## Work instructions
Restate the listing below word for word. No picture belongs in the result.

## Source material
****************

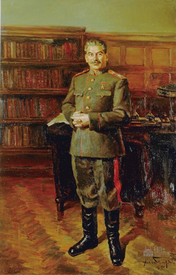3. 德米特里·阿尔卡季耶维奇·纳尔班江是苏联人民艺术家、俄罗斯苏维埃联邦社会主义共和国功勋艺术家、苏联艺术科学院院士。这幅油画《身着军装的斯大林在克里姆林宫办公室》创作于1945年,此时正是苏联卫国战争胜利之时。为体现斯大林生活中的真实性,纳尔班江在克里姆林宫办公室画了大量草图。画中的斯大林身穿军装,胸前佩戴金星勋章,双手合拢,面带微笑,站在办公室里。1946 年,这幅画在特列季亚科夫画廊举办的全苏艺术展展出,并被授予当年的斯大林一等奖金。
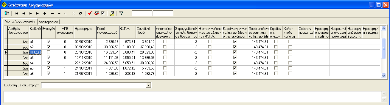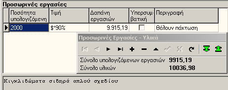 Στο κάτω αριστερό μέρος μπορούμε να ορίσουμε (πολλές και για κάθε άρθρο), ποσότητες και τιμές είτε σε απόλυτο ποσό ή με αναλυτικό τρόπο (πράξη) ή με ποσοστό. Τμήματα εκτέλεσης από Προσωρινές ή μη περαιωμένες εργασίες. Μπορούμε να ορίσουμε ακόμα και σχετική περιγραφή για κάθε εγγραφή.
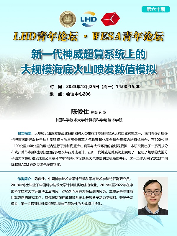 (LHD青年论坛&WESA青年论坛 12月25日14:00 会议中心206)新一代神威超算系统上的大规模海底火山喷发数值模拟

****************

## Answer for this exercise
3. 德米特里·阿尔卡季耶维奇·纳尔班江是苏联人民艺术家、俄罗斯苏维埃联邦社会主义共和国功勋艺术家、苏联艺术科学院院士。这幅油画《身着军装的斯大林在克里姆林宫办公室》创作于1945年,此时正是苏联卫国战争胜利之时。为体现斯大林生活中的真实性,纳尔班江在克里姆林宫办公室画了大量草图。画中的斯大林身穿军装,胸前佩戴金星勋章,双手合拢,面带微笑,站在办公室里。1946 年,这幅画在特列季亚科夫画廊举办的全苏艺术展展出,并被授予当年的斯大林一等奖金。
 Στο κάτω αριστερό μέρος μπορούμε να ορίσουμε (πολλές και για κάθε άρθρο), ποσότητες και τιμές είτε σε απόλυτο ποσό ή με αναλυτικό τρόπο (πράξη) ή με ποσοστό. Τμήματα εκτέλεσης από Προσωρινές ή μη περαιωμένες εργασίες. Μπορούμε να ορίσουμε ακόμα και σχετική περιγραφή για κάθε εγγραφή.
 (LHD青年论坛&WESA青年论坛 12月25日14:00 会议中心206)新一代神威超算系统上的大规模海底火山喷发数值模拟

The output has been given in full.